* Assignment *
Please return the listing exactly as it stands, skipping any pictures.

_____

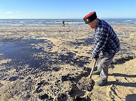 Ликвидация последствий разлива нефтепродуктов из-за потерпевших бедствие двух танкеров "Волгонефть" в Керченском проливе днем 15 декабря 2024 года на береговой линии в Анапе. Жанровая фотография.
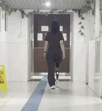 無獨(dú)有偶,26歲的林韻也在康復(fù)師的幫助下,通過與強(qiáng)腦科技智能仿生腿的訓(xùn)練磨合,重新找回了曾經(jīng)走路的感覺。同時(shí),林韻也慢慢可以穿戴著假肢完成走路、交替上下樓梯,跑步等動(dòng)作。林韻在不斷訓(xùn)練下,其走路也已和健全人無異。
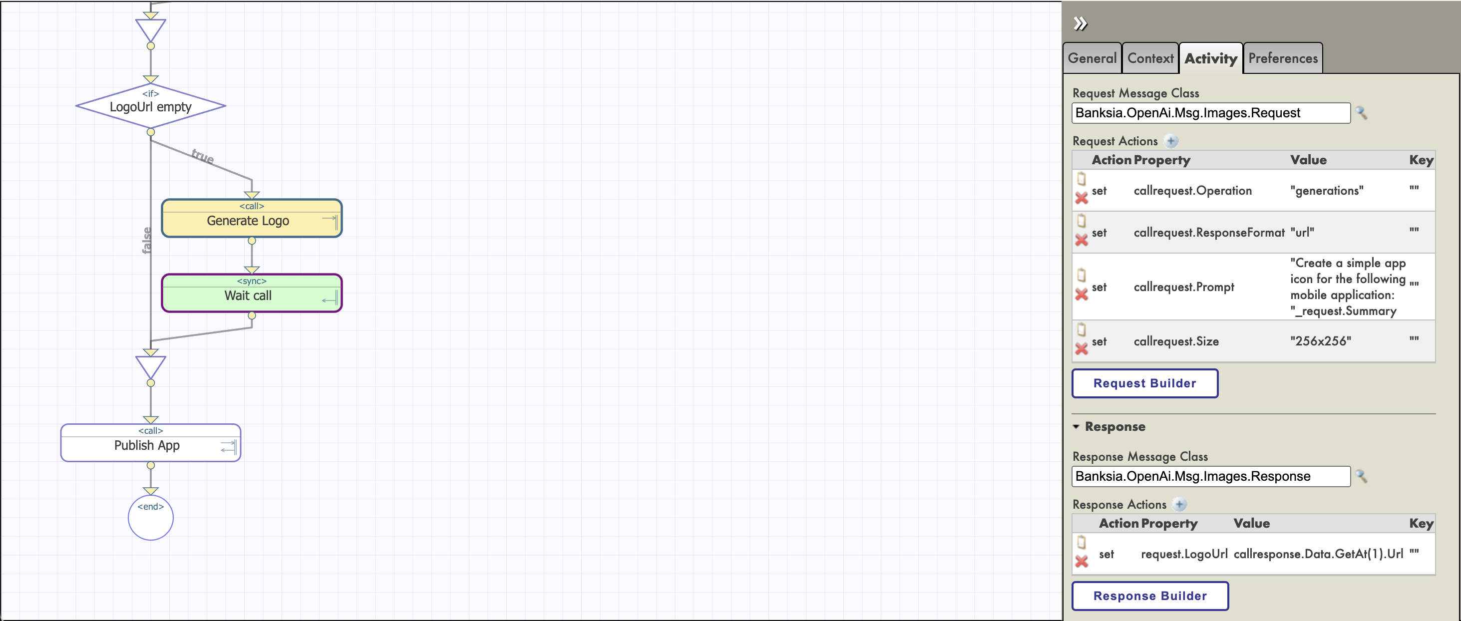 A continuación, agregue el bloque <Сall> y haga un OpenAiOut de destino, que, dependiendo del tipo de solicitud, hará una llamada a OpenAi api.
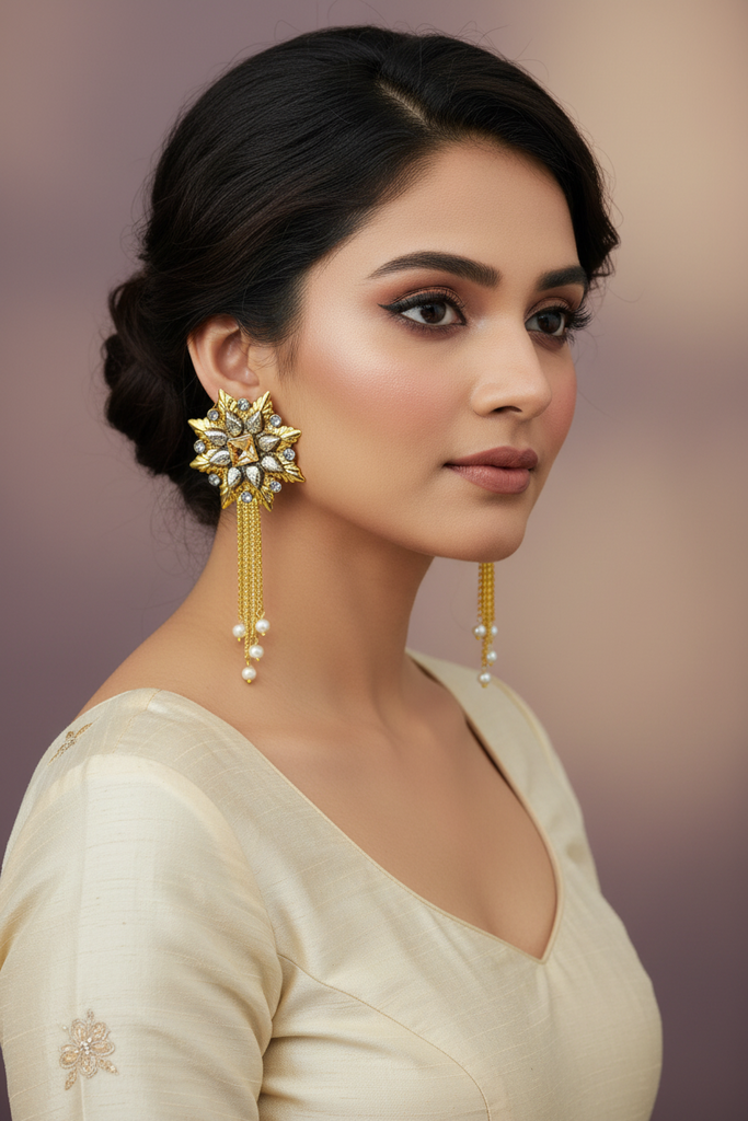 22k gold + rhodium plated hand crafted signature earrings studded with real stones.
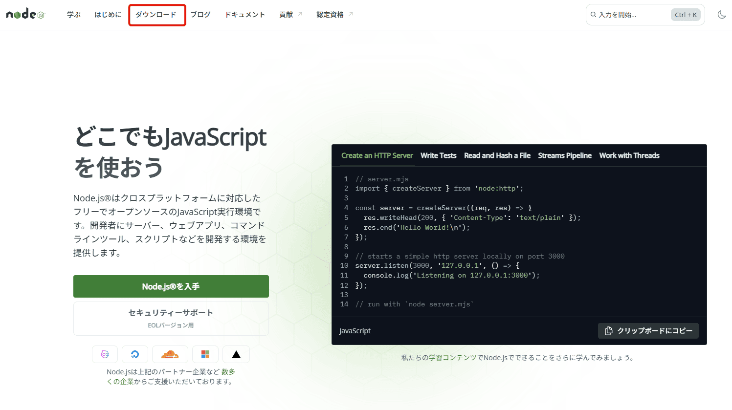 JavaScriptをサーバーサイドで実行するための実行環境ソフト、nodejs.orgにアクセスし、メニューから「ダウンロード」を選択します。
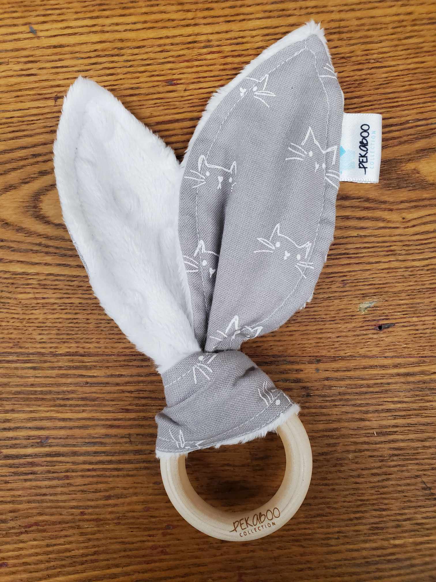 Découvrez notre jouet de dentition oreille de lapin fait de bois et de minky pour soulager les dents de bébé lors de la poussée dentaire !
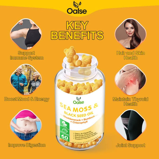 8-in-1 Sea Moss Gummies with Chlorophyll, Bladderwrack, Burdock Root, Vitamin C & D3, Zinc, Black Seed Oil - Immune Support & Energy Boost - Adults & Kids - 1-PackVendor:OALSERegular price $112.28 AUDRegular priceUnit price / per-
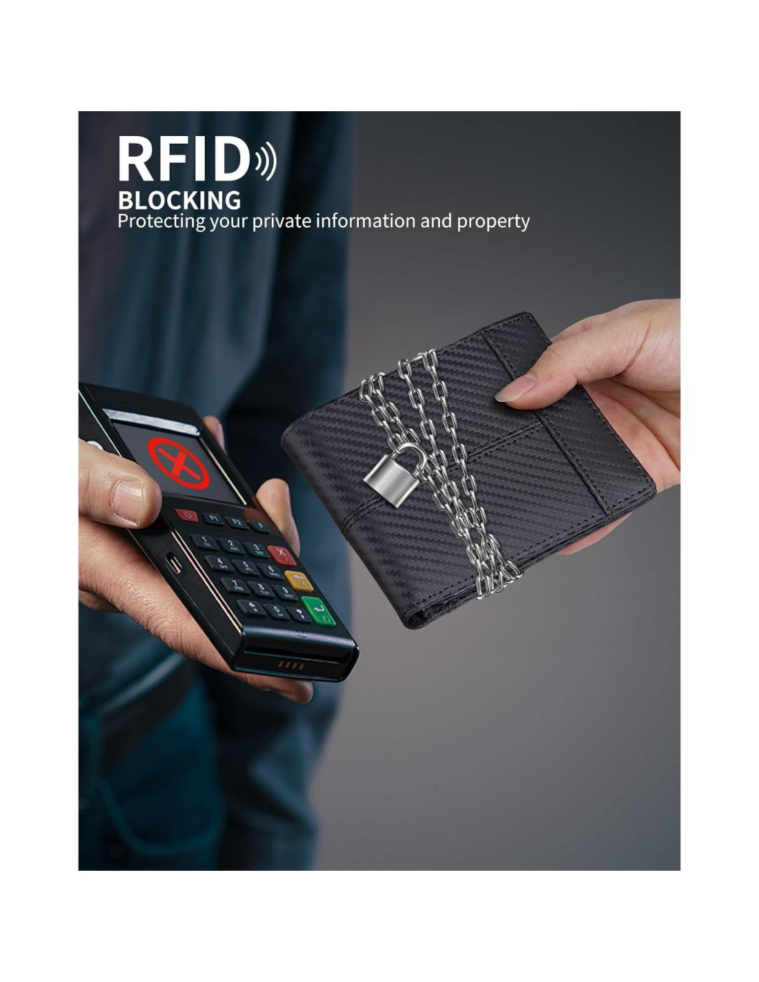 - Bloqueo RFID: Equipado con tecnología segura RFID avanzada, hecho de un compuesto metálico único, diseñado específicamente para bloquear señales RFID de 13.56 MHz y superiores, protege tu información de escaneos no autorizados. Protege tu propiedad y asegura tu tranquilidad
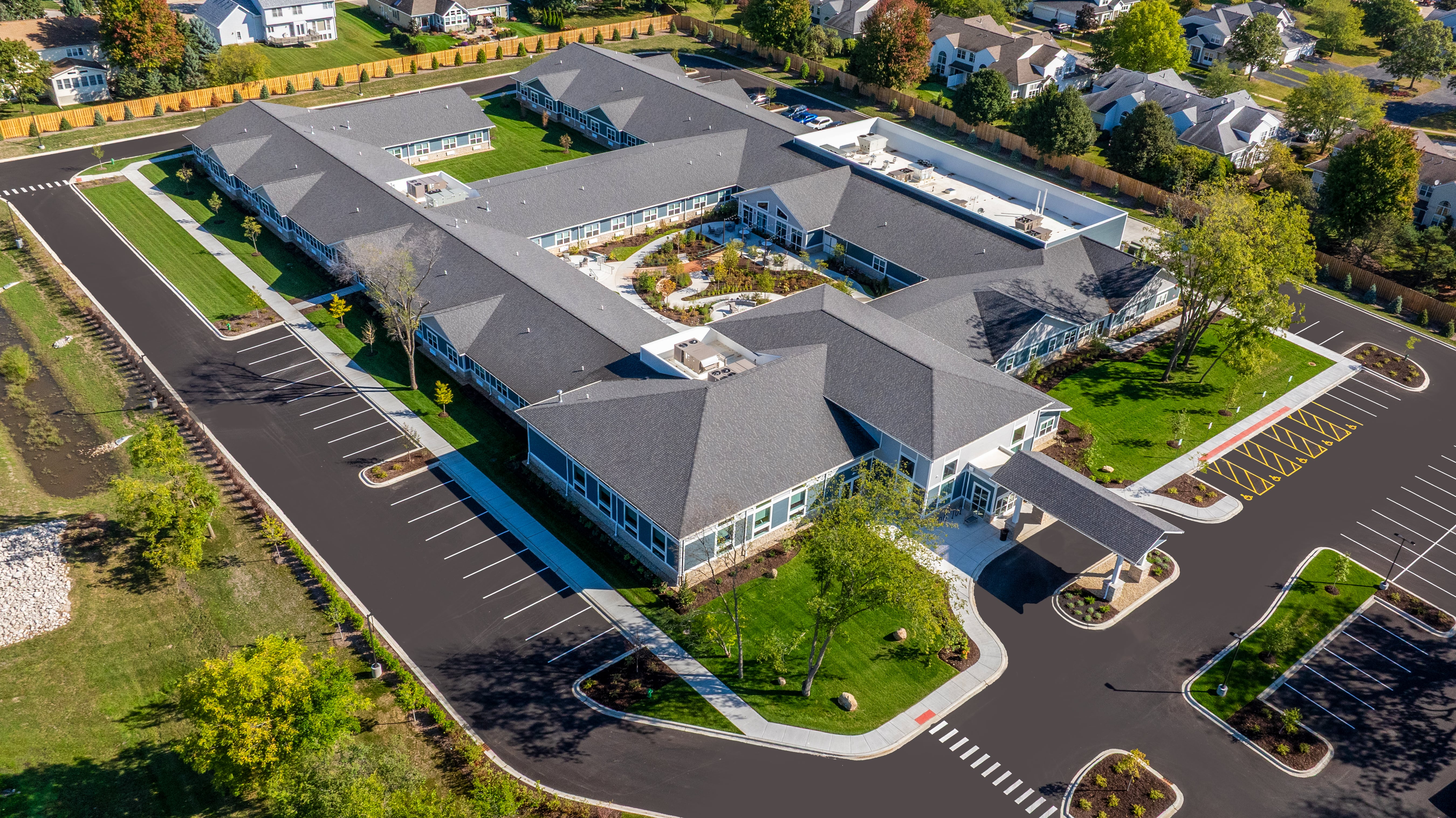 A single-story, 63,000-square-foot, wood-framed structure designed for skilled nursing and rehabilitation, featuring 78 units and 96 beds. The facility includes physical and occupational therapy rooms, a salon, a chapel, dining rooms, a bistro lounge, a café, outdoor dining areas, an outdoor covered rehabilitation space, activity rooms, and lounges.
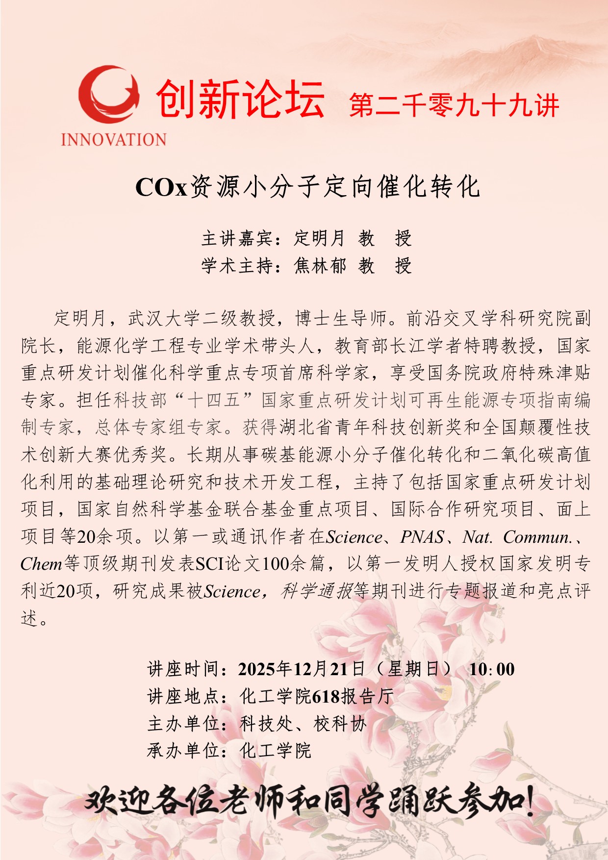 西北大学创新论坛第二千零九十九讲:COx资源小分子定向催化转化
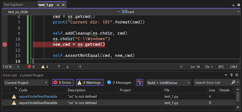 Python utiliza extensivamente testes unitários para validar cenários durante o desenho de um programa. O suporte a Python no Visual Studio inclui descobrir, executar e depurar testes unitários no contexto do seu processo de desenvolvimento, sem necessidade de executar testes separadamente.
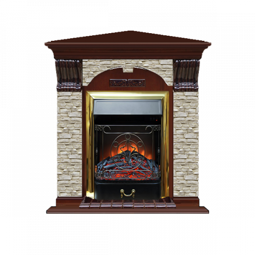 Каминокомплект Glenrich Арочный Грот однотонный угловой (красное дерево)+Majestic Brass
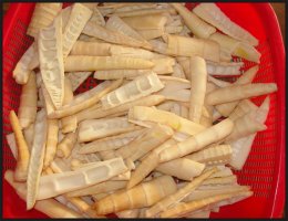 1. 죽순은 중간 부분을 깨끗이 손질하여 빗살무늬가 살도록 얇게 저민다.
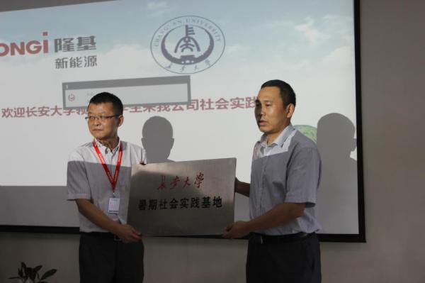 7月4日,长安大学工程机械学院与隆基绿能科技股份有限公司(简称“隆基股份”)共建长安大学学生社会实践基地授牌仪式在隆基股份中心会议室隆重举行。长安大学工程机械学院党委副书记赵武刚、院团委副书记冯迪、隆基股份新能源事业部市场总监武家英、工商业发展部张龙、赴隆基股份参观交流、接受培训的15名优秀本科生出席了授牌仪式。
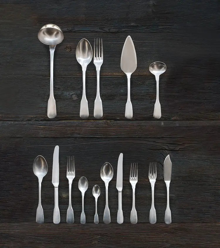 Questa finitura è ottenuta attraverso un lavaggio delle posate con pietre di porcellana, conferendo al servizio un effetto nostalgico che ricorda le vecchie posate in ferro. Una mise en place realizzata con il servizio Brick Lane è certamente destinata a essere ricordata.
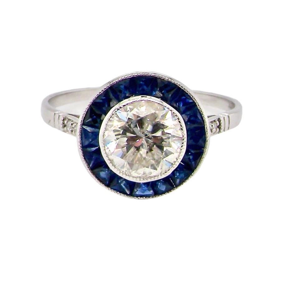 3653683. 18KT HVIDGULD, SAFIR & DIAMANT RING.
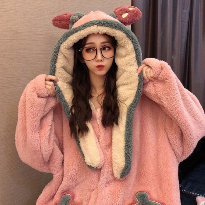 フードにはキュートな耳付き、甘いイチゴモチーフで気分も高まります。

_____

* Answer space *
 Ликвидация последствий разлива нефтепродуктов из-за потерпевших бедствие двух танкеров "Волгонефть" в Керченском проливе днем 15 декабря 2024 года на береговой линии в Анапе. Жанровая фотография.
 無獨(dú)有偶,26歲的林韻也在康復(fù)師的幫助下,通過與強(qiáng)腦科技智能仿生腿的訓(xùn)練磨合,重新找回了曾經(jīng)走路的感覺。同時(shí),林韻也慢慢可以穿戴著假肢完成走路、交替上下樓梯,跑步等動(dòng)作。林韻在不斷訓(xùn)練下,其走路也已和健全人無異。
 A continuación, agregue el bloque <Сall> y haga un OpenAiOut de destino, que, dependiendo del tipo de solicitud, hará una llamada a OpenAi api.
 22k gold + rhodium plated hand crafted signature earrings studded with real stones.
 JavaScriptをサーバーサイドで実行するための実行環境ソフト、nodejs.orgにアクセスし、メニューから「ダウンロード」を選択します。
 Découvrez notre jouet de dentition oreille de lapin fait de bois et de minky pour soulager les dents de bébé lors de la poussée dentaire !
 8-in-1 Sea Moss Gummies with Chlorophyll, Bladderwrack, Burdock Root, Vitamin C & D3, Zinc, Black Seed Oil - Immune Support & Energy Boost - Adults & Kids - 1-PackVendor:OALSERegular price $112.28 AUDRegular priceUnit price / per-
 - Bloqueo RFID: Equipado con tecnología segura RFID avanzada, hecho de un compuesto metálico único, diseñado específicamente para bloquear señales RFID de 13.56 MHz y superiores, protege tu información de escaneos no autorizados. Protege tu propiedad y asegura tu tranquilidad
 A single-story, 63,000-square-foot, wood-framed structure designed for skilled nursing and rehabilitation, featuring 78 units and 96 beds. The facility includes physical and occupational therapy rooms, a salon, a chapel, dining rooms, a bistro lounge, a café, outdoor dining areas, an outdoor covered rehabilitation space, activity rooms, and lounges.
 西北大学创新论坛第二千零九十九讲:COx资源小分子定向催化转化
 Python utiliza extensivamente testes unitários para validar cenários durante o desenho de um programa. O suporte a Python no Visual Studio inclui descobrir, executar e depurar testes unitários no contexto do seu processo de desenvolvimento, sem necessidade de executar testes separadamente.
 Каминокомплект Glenrich Арочный Грот однотонный угловой (красное дерево)+Majestic Brass
 1. 죽순은 중간 부분을 깨끗이 손질하여 빗살무늬가 살도록 얇게 저민다.
 7月4日,长安大学工程机械学院与隆基绿能科技股份有限公司(简称“隆基股份”)共建长安大学学生社会实践基地授牌仪式在隆基股份中心会议室隆重举行。长安大学工程机械学院党委副书记赵武刚、院团委副书记冯迪、隆基股份新能源事业部市场总监武家英、工商业发展部张龙、赴隆基股份参观交流、接受培训的15名优秀本科生出席了授牌仪式。
 Questa finitura è ottenuta attraverso un lavaggio delle posate con pietre di porcellana, conferendo al servizio un effetto nostalgico che ricorda le vecchie posate in ferro. Una mise en place realizzata con il servizio Brick Lane è certamente destinata a essere ricordata.
 3653683. 18KT HVIDGULD, SAFIR & DIAMANT RING.
 フードにはキュートな耳付き、甘いイチゴモチーフで気分も高まります。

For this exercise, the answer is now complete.